PACS 662 Conflict and Conflict Resolution (0.50) SEMCourse ID: 002449
(Cross-listed with PSCI 659)
A graduate level survey of theories of conflict resolution drawn from the international relations, comparative politics, and peace studies. Why do we have violent political conflict, and how can it be resolved? How and why do wars begin and end? This course focuses on political violence and conflict resolution between groups, including but not limited to states.

PACS 670 War and Peace in Christian Thought (0.50) LECCourse ID: 012819
(Cross-listed with TS 670)
An examination of Christian teaching on war and peace from the early Church to the present, including the "just war" theories of Augustine, Aquinas, the Reformers and recent Catholic statements, as well as the pacifist views of Quakers, Mennonites and Brethren.

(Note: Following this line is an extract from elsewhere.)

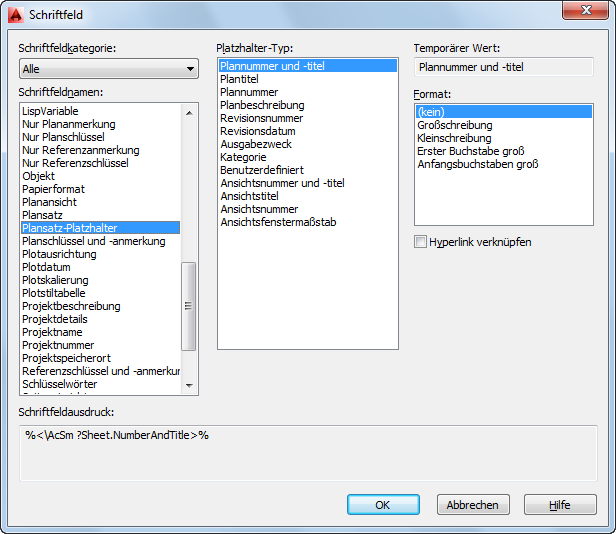 Tipp: Die Kategorie Plansatz enthält Felder für Ansichten und Pläne.

PACS 671 The Bible and Peace (0.50) LECCourse ID: 012802
(Cross-listed with TS 619)
An examination of diverse biblical views of peace in relation to war, justice, and salvation with attention to their relevance for the contemporary quest for peace. Formerly MTS 576.

PACS 672 Christianity's Encounter with Other Faiths (0.50) SEMCourse ID: 012833
(Cross-listed with TS 731)
This course will examine several contemporary theological responses to the encounter of Christianity with other faiths. The meaning and dynamics of inter-religious dialogue and the resources within the Christian faith for such an encounter will be explored. Formerly MTS 657.